В этом сюжете важно зафиксировать, что в обыденном сознании русского православного человека существует жесткая связь между покаянием и исповедью: покаяться значит исповедовать грехи. Фундаментальный характер концепта покаяния свидетельствуется прежде всего св. Писанием. Проповедь Иоанна Предтечи есть проповедь покаяния: "В те дни приходит Иоанн Креститель и проповедует в пустыне Иудейской и говорит: покайтесь, ибо приблизилось Царство Небесное" (Мф. 3: 1-2). Миссия Иисуса Христа также есть проповедь покаяния: "Иисус же, услышав это, сказал им: не здоровые имеют нужду во враче, но больные, пойдите, научитесь, что значит: милости хочу, а не жертвы? Ибо Я пришел призвать не праведников, но грешников к покаянию" (Мф. 9: 12-13).
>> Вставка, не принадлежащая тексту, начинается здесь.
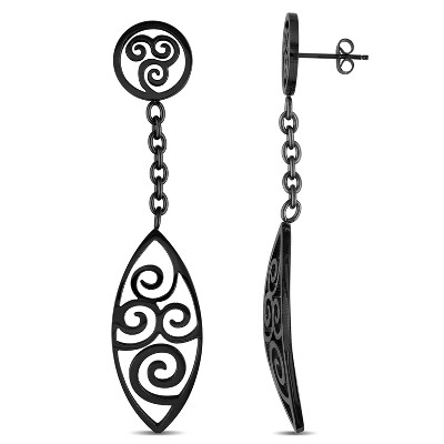 EVERLY JEWELRY | Black Rhodium Plated Stainless Steel Square Swirl Earrings

Такова же проповедь апостолов: "Итак, покайтесь и обратитесь, чтобы загладились грехи ваши" (Деян. 3:19). О покаявшемся радуются небеса: "Сказываю вам, что так на небесах более радости будет об одном грешнике кающемся, нежели о девяноста девяти праведниках, не имеющих нужды в покаянии" (Лк. 15:7); напротив, нераскаянность влечет к вечной погибели: "Иисус сказал им на это: думаете ли вы, что эти Галилеяне были грешнее всех Галилеян, что так пострадали? Нет, говорю вам, но, если не покаетесь, все так же погибнете" (Лк. 13: 2-3).
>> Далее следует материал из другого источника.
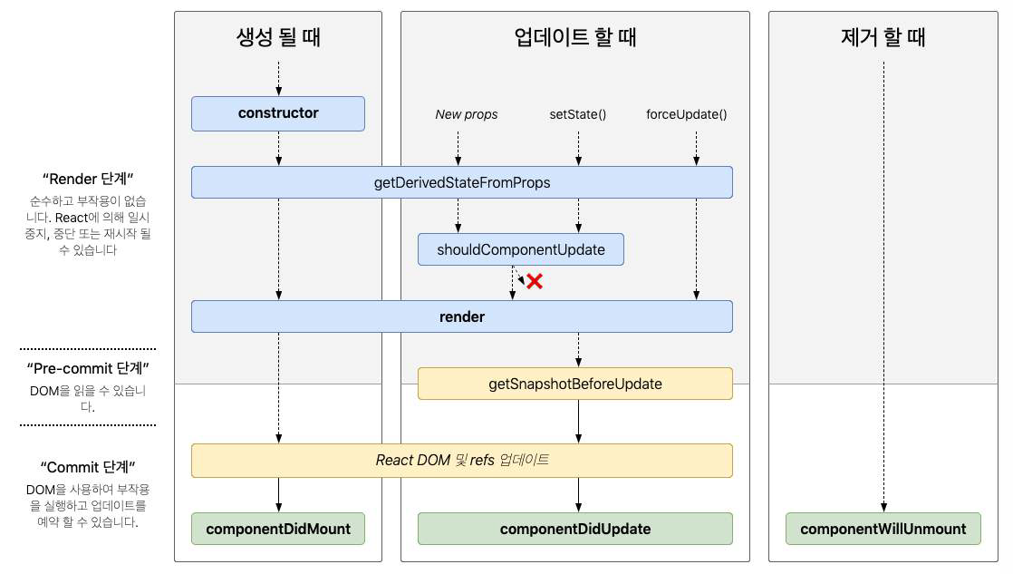 - 생명주기 메소드는 React의 클래스형 컴포넌트에서만 사용할 수 있습니다.

Из приведенных слов видно, что понятие покаяния теснейшим образом связано с понятием греха: грех, и прежде всего прародительский, отделил человека от Бога - источника всякой жизни и отдал его во власть смерти. Бог призывает людей вступить в новое общение с Ним, но, чтобы ответить на Божий призыв, от человека "требуется, в самой исходной точке, обращение и затем, в течение всей жизни, покаянное самосознание. Вот почему обращение и покаяние занимают значительное место в библейском откровении" (СББ, 813).
Терминологически понятие покаяния в Ветхом Завете выражалось др.-евр. словом шуб: "...глагол шуб передает представление о перемене пути, возвращении, повороте назад. В религиозном контексте оно означает, что человек отвращается от зла и обращается к Богу. Этим определяется сущность о[бращения], неразрывно связанного с переменой поведения, с принятием нового направления во всем образе жизни" (СББ, 813).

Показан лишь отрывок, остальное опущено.